This alerts when the detected anomaly impact exceeds $100. Configure separate monitors per service (EC2, Lambda) for faster detection.

Service Quotas: Limiting Blast Radius

Default EC2 service quotas vary by account age and usage. Request reduced limits for high-cost instance types that your workloads don't use:

# Check current limits for GPU instances
aws service-quotas get-service-quota \
  --service-code ec2 \
  --quota-code L-DB2E81BA  # p3 On-Demand instances

# Request a lower limit (e.g., 0 for GPU instances you don't need)
aws service-quotas request-service-quota-increase \
  --service-code ec2 \
  --quota-code L-DB2E81BA \
  --desired-value 0

If your workloads don't need GPU instances, p3, p4, or g4 instances, reducing quotas to 0 means an attacker with your credentials cannot launch them.

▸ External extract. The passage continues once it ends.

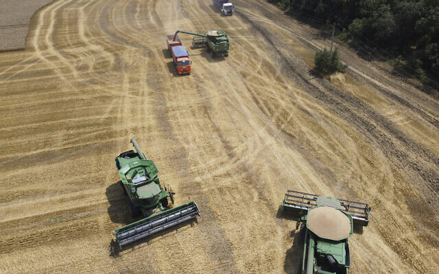 Farmers harvest with their combines in a wheat field near the village Tbilisskaya, Russia, on July 21, 2021. (AP/Vitaly Timkiv)
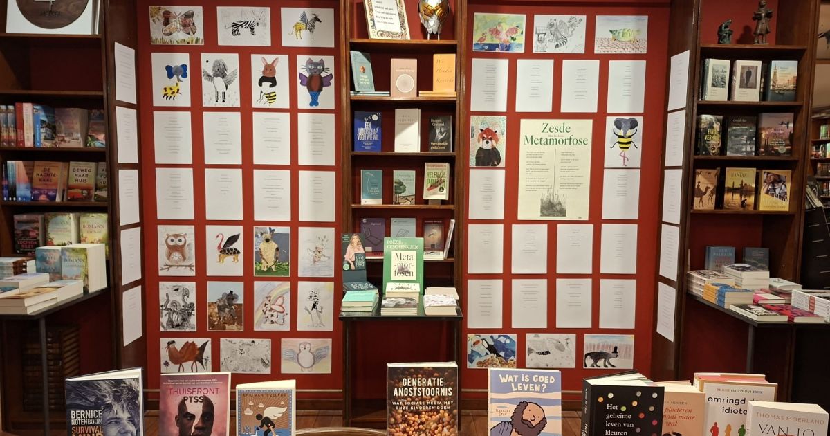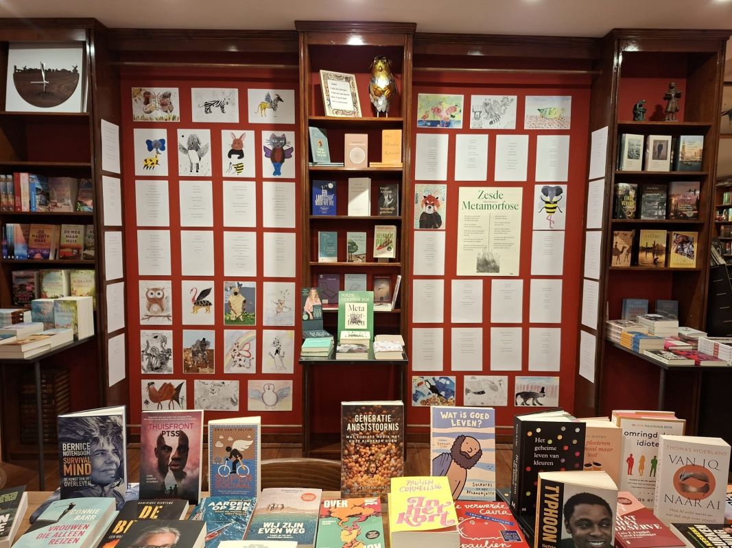 Voorafgaand aan deze week hadden de brugklasleerlingen bij het vak BEVO een tekening gemaakt waarop een metamorfose te zien is. Bij Nederlands hebben ze vervolgens, na een lessenserie over poëzie, op de andere kant van het blad een gedicht(je) geschreven. Dit heeft prachtige kunstwerken en teksten opgeleverd die tijdens een expositie te bewonderen waren bij boekhandel Riemer Barth in Meppel.

Use SCPs to Restrict Instance Types

At the AWS Organizations level, use Service Control Policies to prevent launching expensive instance types in workload accounts:

{
  "Version": "2012-10-17",
  "Statement": [
    {
      "Sid": "RestrictExpensiveInstanceTypes",
      "Effect": "Deny",
      "Action": "ec2:RunInstances",
      "Resource": "arn:aws:ec2:*:*:instance/*",
      "Condition": {
        "StringLike": {
          "ec2:InstanceType": [
            "p3.*", "p4.*", "p5.*",
            "g4.*", "g5.*",
            "x1.*", "x2.*",
            "u-*"
          ]
        }
      }
    }
  ]
}

Restrict to Specific Regions

If your workloads only run in us-east-1 and eu-west-1, deny operations in all other regions:

{
  "Sid": "DenyUnauthorizedRegions",
  "Effect": "Deny",
  "Action": "*",
  "Resource": "*",
  "Condition": {
    "StringNotEquals": {
      "aws:RequestedRegion": ["us-east-1", "eu-west-1"]
    },
    "ArnNotLike": {
      "aws:PrincipalARN": "arn:aws:iam::*:role/AllowedGlobalRole"
    }
  }
}

Detecting Credential Compromise Early

Monitor CloudTrail for Unusual API Calls

Cryptomining attacks typically exhibit patterns in CloudTrail that don't match normal operations:

# CloudWatch Logs Insights query
fields @timestamp, userIdentity.arn, eventName, awsRegion, sourceIPAddress
| filter eventName in [
    "RunInstances",
    "RequestSpotInstances",
    "CreateSpotFleet",
    "RunJobFlow",
    "CreateCluster"
  ]
| filter awsRegion not in ["us-east-1", "eu-west-1"]  # Your normal regions
| stats count() by userIdentity.arn, awsRegion
| sort count desc

GitHub Token Scanning Integration

For organizations using GitHub, enable GitHub's secret scanning and push protection. For AWS, use the AWSCompromisedKeyQuarantine policy — when AWS detects your key in a public GitHub repo, they automatically attach this policy to quarantine the key:

# Check if your keys have been quarantined
aws iam list-attached-user-policies --user-name my-user
# Look for AWSCompromisedKeyQuarantineV2

Don't wait for AWS to detect the exposure. Use a pre-receive hook or CI check to prevent keys from being committed:

# .git/hooks/pre-commit
#!/bin/bash
if git diff --cached --diff-filter=A -S'AKIA' | grep -q 'AKIA'; then
  echo "ERROR: Potential AWS access key detected in staged files"
  exit 1
fi

Response Playbook for Suspected Compromise

If you detect cryptomining or a billing anomaly that suggests compromise:

  1. Identify the compromised principal using CloudTrail: which IAM user/role made the RunInstances calls?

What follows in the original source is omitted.